## About this task
Transcribe the listing exactly; drop the images.

## Available data
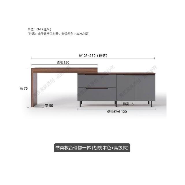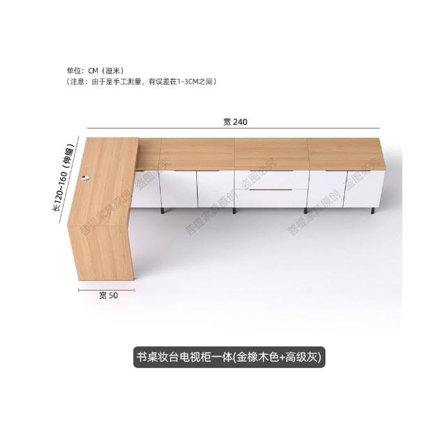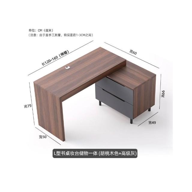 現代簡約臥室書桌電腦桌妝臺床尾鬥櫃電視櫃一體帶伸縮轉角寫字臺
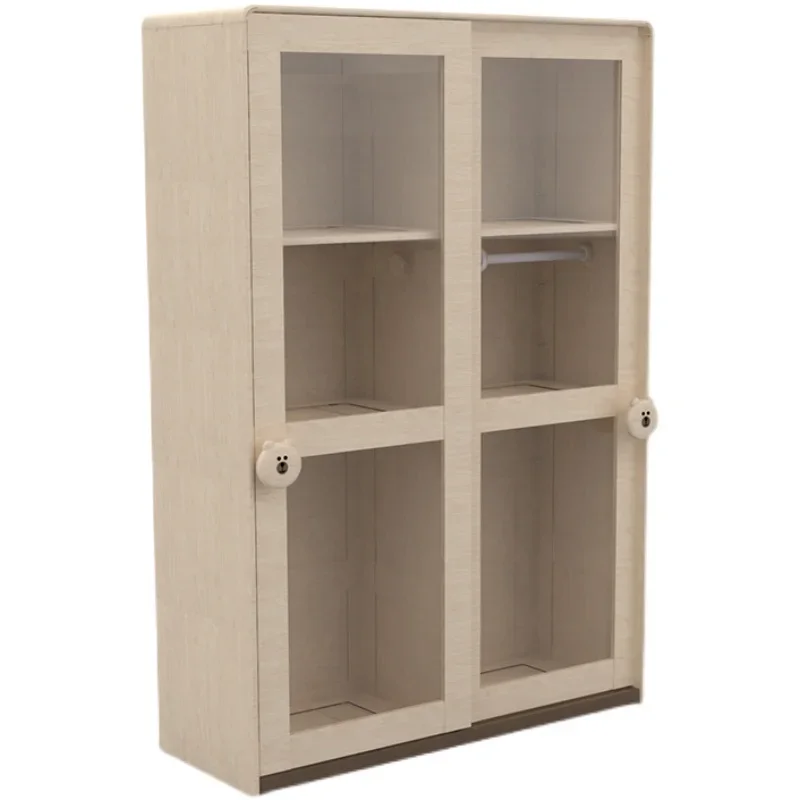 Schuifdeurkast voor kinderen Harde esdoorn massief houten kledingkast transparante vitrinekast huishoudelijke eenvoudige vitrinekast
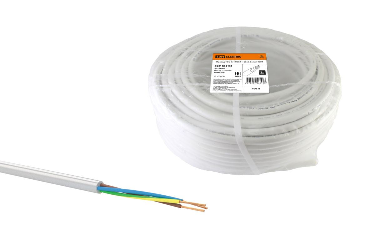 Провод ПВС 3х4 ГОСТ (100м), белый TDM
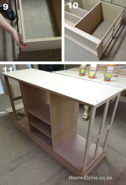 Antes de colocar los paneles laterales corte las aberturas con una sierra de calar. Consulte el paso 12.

## The completed task
 現代簡約臥室書桌電腦桌妝臺床尾鬥櫃電視櫃一體帶伸縮轉角寫字臺
 Schuifdeurkast voor kinderen Harde esdoorn massief houten kledingkast transparante vitrinekast huishoudelijke eenvoudige vitrinekast
 Провод ПВС 3х4 ГОСТ (100м), белый TDM
 Antes de colocar los paneles laterales corte las aberturas con una sierra de calar. Consulte el paso 12.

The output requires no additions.